May be able to modify the hitch on one of these.

http://www.etrailer.com/Hitch-Accessories/Rackem/RA20.html

And one cheaper:
http://www.amazon.com/BR-Tools-600-Trailer-Dolly/dp/B000BVSD52


----------



## Oh-Fudge (Sep 1, 2011)

Jim, that's EXACTLY what I'm talkin' bout. Do they make those for a pin hitch trailer?

If not, I would have to convert the pin hitch to a ball hitch and then use one of those dollies. Back to Googling.....


----------



## joecaption (Nov 30, 2011)

http://www.bing.com/images/search?q...9914F595CA2192DC02E06ECECE52&selectedIndex=23

Any Farm supply, box store, hardware store should theses.


----------



## BigJim (Sep 2, 2008)

Take the hitch ball off and install a bolt the size of the pin hole on your cart, shouldn't be too much trouble.


----------



## Oh-Fudge (Sep 1, 2011)

Joe, I looked at those too. They are really just pins with a handle to pull out the pin. Don't know if they would hold up to using them as a pull handle. And would be rough on the fingers after a while. But, that is a good idea.

Jim - You are the Man!
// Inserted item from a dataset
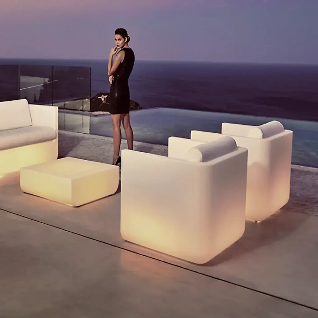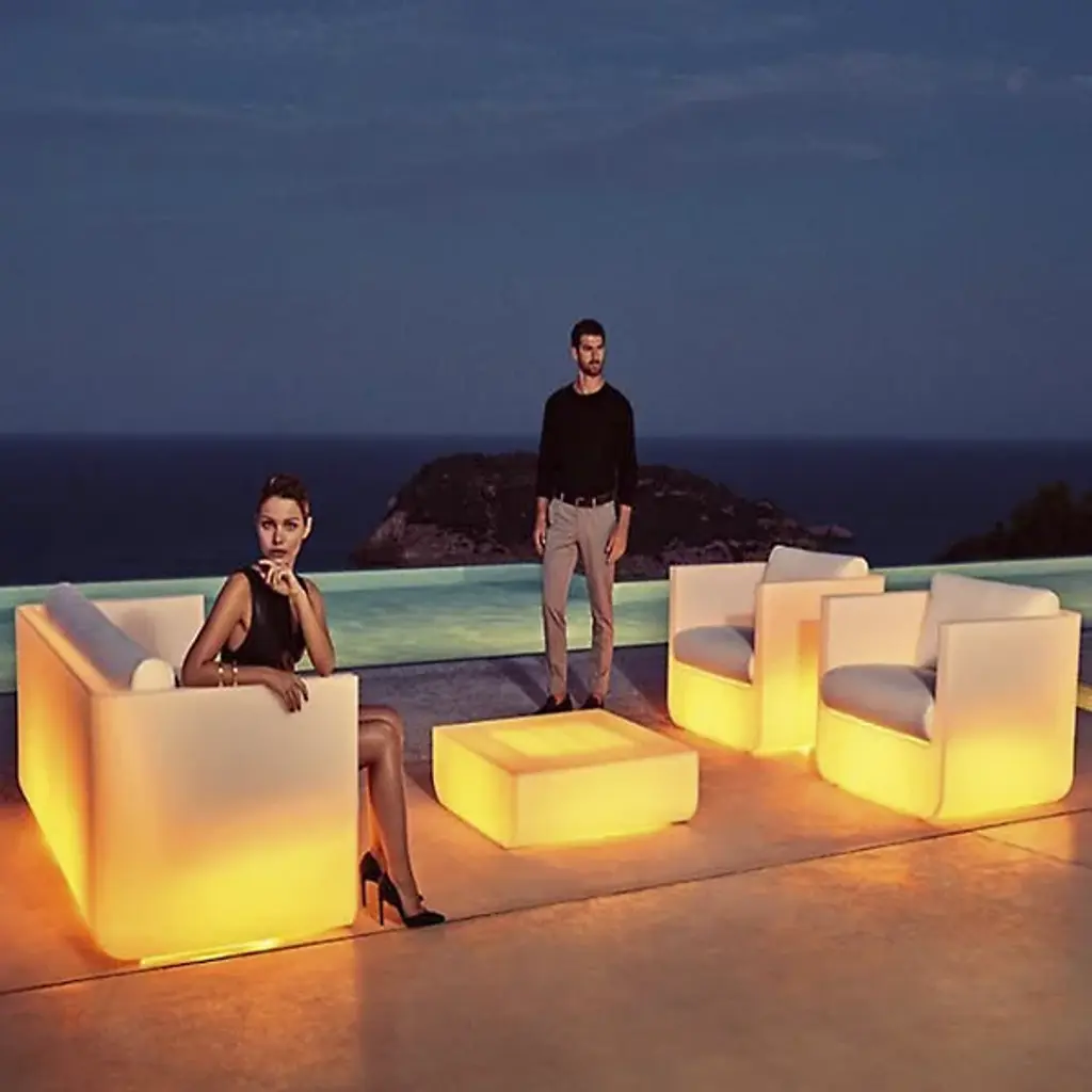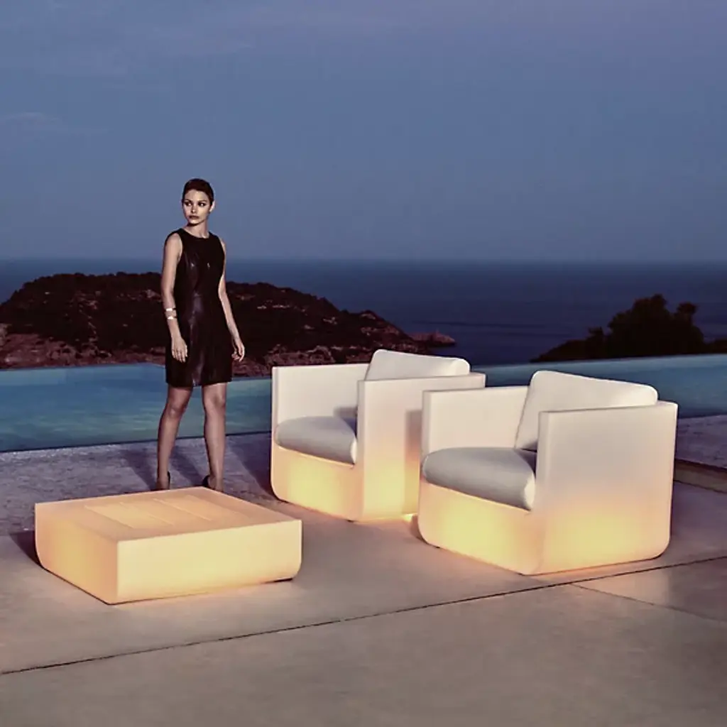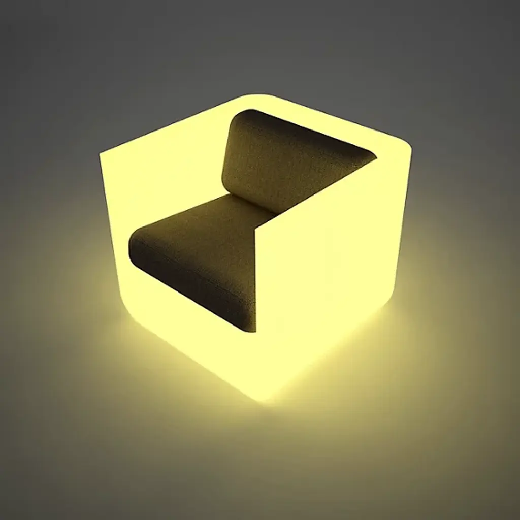 The Ulm Lounge Chair Illuminated is designed to have qualities of utility and function in mind. Highly adaptable and easy to maintain. Perfect for the outdoors and can also be used indoors, cushions are included. Highly durable polyethylene resin makes up the genetic profile of the chair, giving it the ability to tackle the toughest weather conditions without affecting looks, quality, or functionality. 100% Recyclable.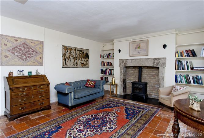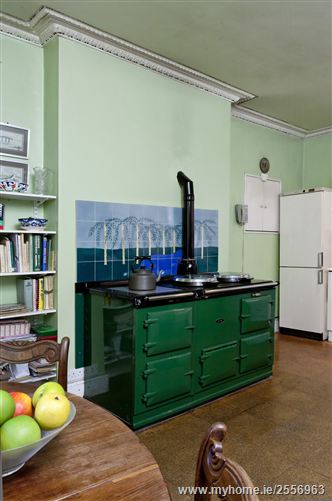 To the rear and two steps down from the rear hall floor, with windows overlooking the side and the rear of the house, a green AGA has pride of place in this well-loved kitchen, with white high and low level units, plumbed for dishwasher, washing machine and with a serving hatch to the main hall.

If I got a dolly like this one (see pic) it looks like there is room to slide it into the slot between the pin brackets on the trailer. That would be less wobbly than the ball hitch, too. I think you hit the nail on the head with that one. I'm going to order now. Love DIY Chatroom! :clap:

(p.s. - someone ambitious would make these for pin hitch's and sell them on fleaBay or something :wink


----------



## jimmyfloyd (Sep 29, 2008)

HarborFreight has them. You could either remove the ball and add a pin or use the lower brace one and mount it there. 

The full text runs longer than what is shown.